Suzy started to cry now, small sobs quickly turned into a wail.
Paul stepped into his sister. “What’s wrong with you?” He asked smiling and patting her gingerly on her shoulder. “So you have to move, what’s the big deal?”
Suzy swatted his hand away, “It is…it is a big deal. You wouldn’t understand.”
Francine went to console her sister as well, Suzy was crying uncontrollably now. “Don’t cry Suzy, I don’t want to move either.”
Suzy abruptly walked over to a mirror and carefully removed one of her fake eyelashes. Mascara began running into her eyes and making them red. “Oh Fran, you wouldn’t understand either,” she said to her sister and then to the whole family. “You all wouldn’t understand.”
Paul rolled his eyes, “Here we go again.”
Suzy suddenly stiffened up. “Now I have something to say…something that I’ve wanted to tell all of you for a month now.”
“What makes me think that I need to sit down for this?” Stephen callously stated.
“Oh here we go again,” Paul let go unsympathetic. “Miss Connecticut…Miss Melodramatic.”
“Shut up Paul! You don’t know everything!” Suzy cried, walking away from everyone. “You always think you’re so above it all!”
Paul just laughed and adjusted his green military belt. “Well, usually I am.”
“Just go back to your soldier buddies, no one’s gonna miss you—that’s for sure. I hope you step on a land mine and get blown up into a million pieces!”
Nancy now stepped in, “Children! Now stop it.”

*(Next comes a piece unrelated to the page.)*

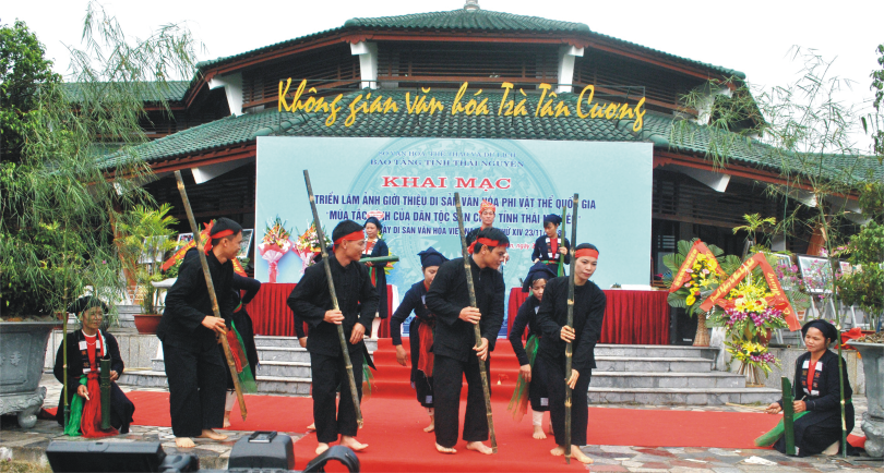 Biểu diễn múa Tắc Xình của đồng bào dân tộc Sán Chay huyện Phú Lương tại Không gian văn hóa Trà Tân Cương, thành phố Thái Nguyên.
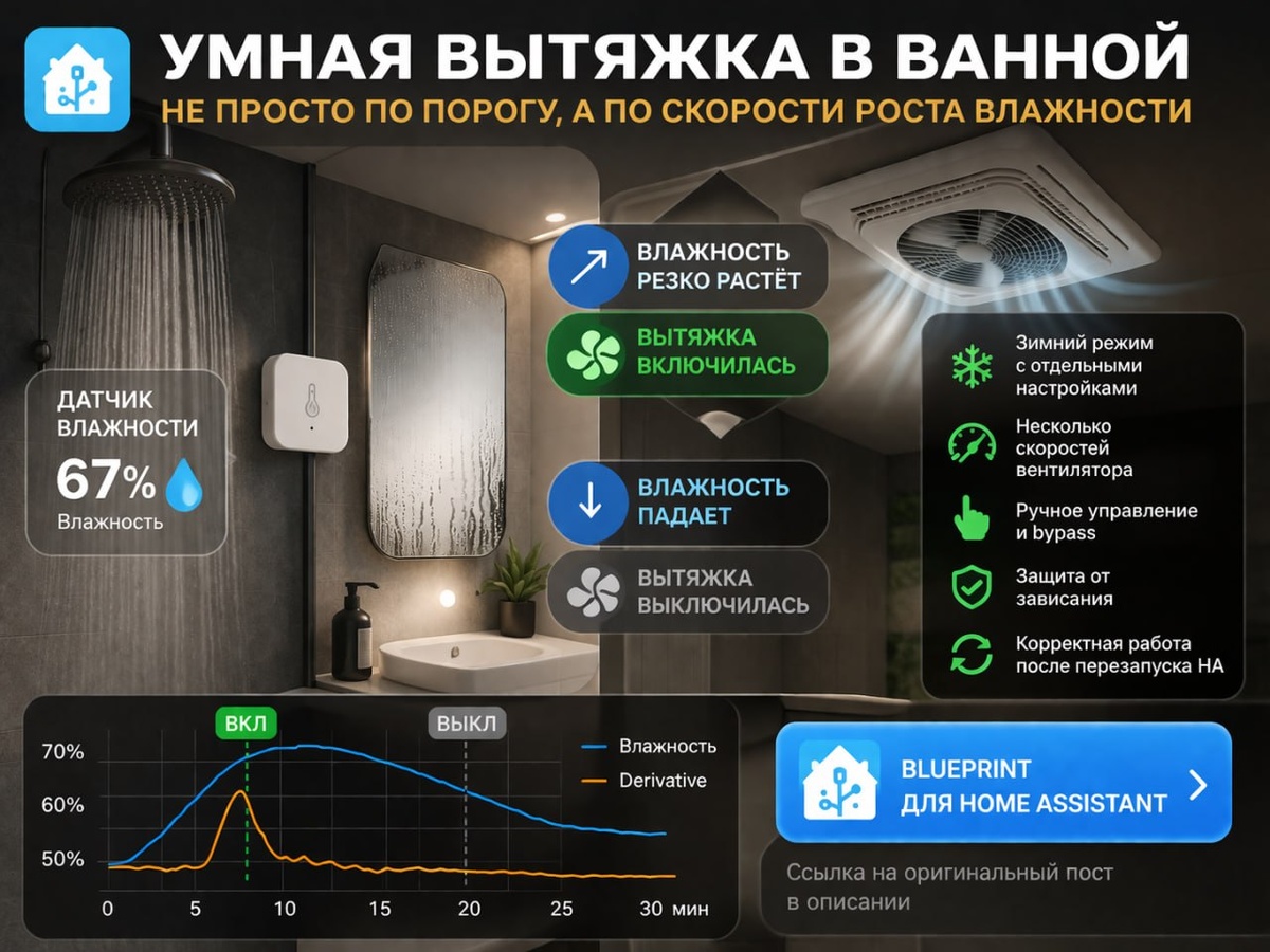 🚿 Нашёл классный #blueprint для вытяжки в ванной Не по тупому порогу влажности, а по скорости её роста. То есть #HomeAssistant понимает, что вы реально пошли в душ, и включает вытяжку вовремя. > Влажность резко пошла вверх → вытяжка включилась > Влажность пошла вниз → вытяжка выключилась с задержкой Что есть внутри 👇 • работа через Derivative Helper • отдельные настройки под зиму • поддержка нескольких скоростей вентилятора • ручное управление и bypass • защита от бесконечной работы • нормальная логика даже после перезапуска #HA Мне такие автоматизации нравятся намного больше, чем банальное: “если влажность > 70%, включить вентилятор” 😄 🔗 Ссылка на blueprint: community.home-assistant.io/t/bathroom-humidity-exhaust-fan/509992 ➕ Импортнуть в HA 👍 #HomeAssistant #умныйдом #blueprint #ванная #вытяжка #автоматизация

Suzy wrapped her arms around her waist and stepped further away from her father. Nervous and afraid of him, she turned to look only at her mother. “Ray and I were going to elope this weekend,” she said, feeling her father’s dagger stare at the back of her neck. “I’m…three months pregnant.”
Nancy put her hand over her mouth in disbelief. Paul started to snigger while Francine just stood there in shock, wide eyes also in doubt and then focused on Suzy’s slim midriff.
Stephen was just plain mad. “God dammit! This is just what I needed to hear!”